同社は米国時間2月1日、この装置をシアトルにある他のAmazonの店舗にも導入すると発表した。これにより、Amazon Go(アマゾン・ゴー)のコンビニエンスストア、Amazon Go Grocery(アマゾン・ゴー・グローサリー)、Amazon Books(アマゾン・ブックス)、Amazon 4-star(アマゾン4スター) を含む、合計8つのAmazonの実店舗でこのシステムを利用できるようになる。

同日より、シアトルのマディソン&マイナーにあるAmazon Goの店舗で、Amazon Oneシステムが入店時オプションとして追加される。今後数週間のうちに、5th&MarionとTerry&Stewartにある2つのAmazon Goストアにも展開される予定だと同社は述べている。これでシアトルの8店舗にこのシステムが導入されることになり、今後数カ月の間には米国の他の都市への拡大も期待される。
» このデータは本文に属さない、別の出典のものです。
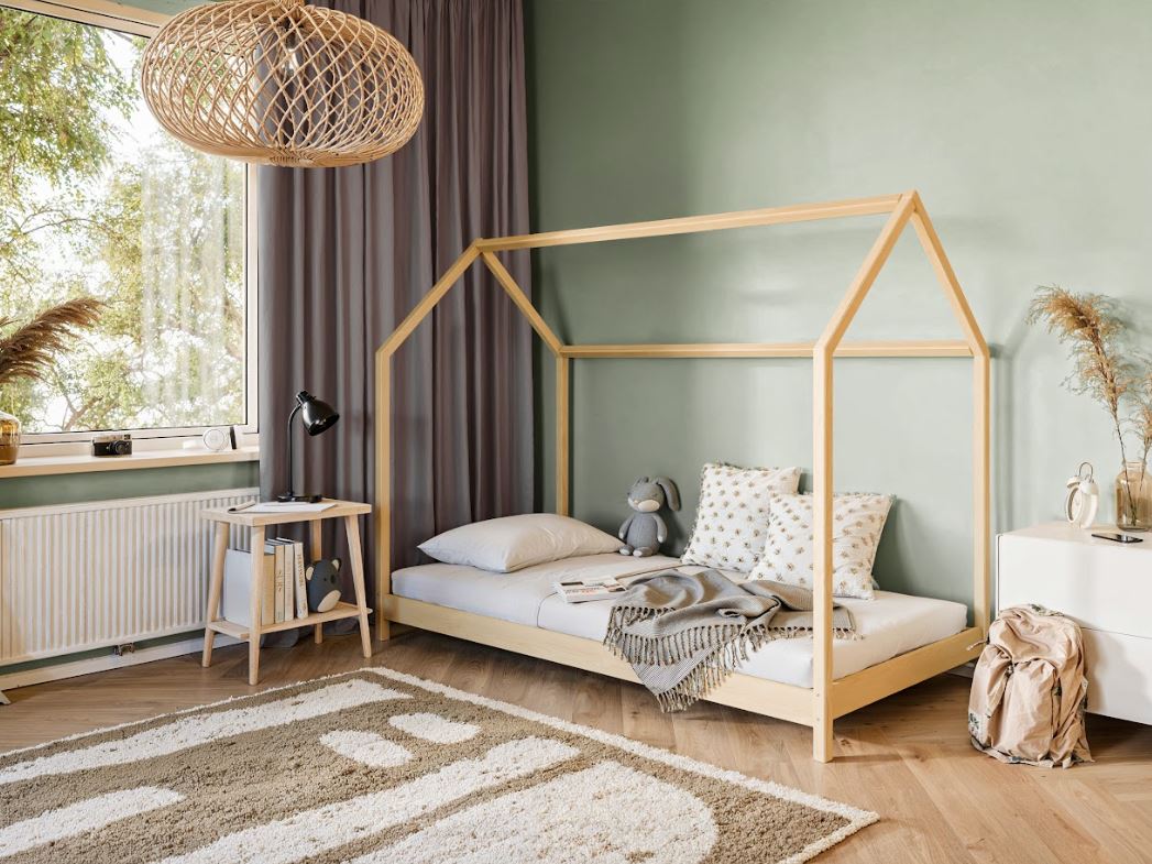 Detská posteľ LUCIE v tvare domčeka je mimoriadnym miestom, kde sa stávajú sny realitou. Jej očarujúce design a útulný charakter robia zo spánku skutočné dobrodružstvo. Pre deti je to viac než len posteľ - je to kúzelné útočisko, kde môžu spriadať rozprávky, rozvíjať fantáziu a budovať spomienky na celý život. Detská posteľ LUCIE je starostlivo vyrobená s robustnou konštrukciou a dôkladným spracovaním v každom detaile. Na výrobu sa využíva borovicové drevo najvyššej kvality ,. Posteľ je odolná proti poškriabaniu vďaka trom vrstvám ekologického laku, ktorý je bez zápachu a vyniká vysokou svetlostálosťou.

説明されているように、Amazon Oneシステムは、コンピュータビジョン技術を使用して、顧客ごとに固有の掌紋を読み取るもので、これをアマゾンは初期設定時に顧客が挿入したクレジットカードと関連づける。顧客はAmazonアカウントを持っていなくてもサービスを利用できるが、アカウント情報を関連づけると、Amazonのウェブサイトで買い物の履歴を見ることができるようになる。
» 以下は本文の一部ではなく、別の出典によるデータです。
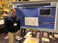 Dr. William M. Jackson standing with his poster “Children and Adults with Congenital Heart Disease Show No Difference in Scores on Measures of Behavior As Compared to Their Healthy Peers: A Systematic Review and Meta-Analysis.” Drs. Mohammad Sadat and Lena Sun co- authored the poster.

Amazonによると、掌紋の画像は暗号化されてクラウド上で保管され、顧客の手のひらによる署名が作成されるという。手のひらの画像だけでは顧客の身元を特定できないため、掌紋は他の本人確認の方法よりもプライベートな生体認証の形式であると、このシステムの発表時にAmazonは主張していた。

しかし、もちろんAmazonは単に手のひらの画像を保存しているだけではない。手のひらの画像を顧客のアカウントやクレジットカードと照合し、効果的に顧客の生体認証データベースを構築しているのだ。また、そこから収集した買い物履歴などのデータを利用して、後に顧客の買い物傾向に合ったおすすめ商品を紹介したり、キャンペーンなどを提供することができる。

このシステムは、Amazonのより大きな計画に対する疑問も提起する。過去に同社の生体認証の使用は、かなり物議を醸してきたからだ。Amazonは、米国の法執行機関に顔認証サービスを販売していたが、同社の顔認識技術はプライバシー侵犯で訴訟の対象となった。Amazon傘下のセキュリティカメラ会社Ring(リング)は、警察との提携続けている。ユーザーデータのプライバシーに関しても、Amazonは慎重ではない。たとえばユーザーが音声ファイルを削除しても、Alexaの音声データを保存し続けるといった具合だ。

しかもAmazonは、Amazon Oneを単なる自社店舗への入店手段として想定しているわけではない。これらはあくまでもテスト市場に過ぎない。そのうちAmazonは、スタジアムやオフィスビル、Amazon以外の小売業者など、サードパーティでもこの技術を利用できるようにしたいと考えている。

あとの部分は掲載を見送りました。